А еще на дворе первая неделя ноября. Мрачно, склизко. И хочется уже только одного – белого-белого снега».
Закончив чтение, Шитов не слушающимися от нахлынувшего волнения руками вернул полосу на место и стал мямлить что-то про новые авангардные течения в мировой публицистике, но Игорь Семенович прервал его оправдания самым беспардонным образом:
– Вы, Андрей Васильевич, просто полудурок, какие даже в нашем городе большая редкость. Писать вы не умеете, так хотя бы научились скрывать свою бледную творческую немощь под простыми доходчивыми фразами. Вы всерьез полагаете, что я долго буду терпеть ваш бред? Корректор жалуется, что в ваших опусах английских заумных аббревиатур и компьютерного сленга больше, чем русских слов. Для кого вы пишете? Или вы думаете удивить стекловчан своей эрудированностью? Так вы их и так в каждом номере удивляете. Вот что, Андрей Васильевич, – Игорь Семенович нервно забарабанил пальцами по витражной столешнице своего модного бюро (это было его последнее приобретение, и он очень им гордился), – или вы переходите на понятный большинству наших граждан великии и могучий русским язык, или в самом скором времени эти граждане пошлют вас, и не думайте, что я смогу вас защитить.

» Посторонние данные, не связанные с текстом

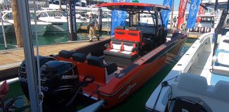 The 44 was designed to be powered by four Mercury Racing Verado 400R outboards, and offer a more open-cockpit type of configuration, with six bucket seats with a lounge area. Moore said the boat will be unique in several different ways. “Nobody has built this type of boat in this type of configuration,” he says. “The cockpit layout and just the overall difference of the boat is going to really stand out.”

Буденич распалялся все больше и больше, но сделал остановку и перевел дух. А затем продолжил:
– Вот скажите мне, что на вас нашло? Уму непостижимо: грохнуться с заумных высот в балалаечную какую-то стилистику! Вы, Андрей Васильевич, скажу вам по секрету, далеко не Демьян Бедный. Больше не упражняйтесь в том, в чем не смыслите ничего. А теперь идите и обдумайте хорошенько мои слова.
Когда Шитов, пятясь задом к двери, наконец выкатился из кабинета, Игорь Семенович энергично потянулся в кресле, так что хрустнули шейные позвонки. Он понимал, что Шитов хорош как составитель всякого рода статистических таблиц, отражающих успехи стекловской промышленности, и поэтому придется оставить этого блаженного в покое. Доверять ему написание материалов общественно-политической значимости редактор зарекся. «И куда только смотрела эта курица Лариса Дмитриевна? Тоже мне, ответственный редактор. Наверняка, как всегда, спихнула все на корректора, а сама бегала по магазинам. Пусть теперь сама расхлебывает, что натворила», – лениво думал Игорь Семенович. Выйдя из кабинета и зайдя к Ларисе Дмитриевне, которую он за глаза называл Масяней в Кризисе, Игорь Семенович увидел, что та вместе с верстальщицей копается в файлах недельной давности, чтобы закрыть чем-нибудь шитовскую стряпню на второй полосе. Игорь Семенович усмехнулся довольно, но тут же помянул нехорошим словом кобру-корректора, которая, конечно, специально тянула до последнего момента, чтобы доставить ему особую радость. Наверняка сейчас сидит, пьет кофе и покатывается со смеху, вспоминая яркие моменты феерического репортажа.
Через час отчет о шитовском дневном дозоре был убран с полосы и заменен какой-то депутатской статистикой о повышении надбавок и пенсий. Все случилось, как всегда, и Игорь Семенович теперь мог подумать о предстоящем важном номере, до выхода которого оставалось совсем немного времени.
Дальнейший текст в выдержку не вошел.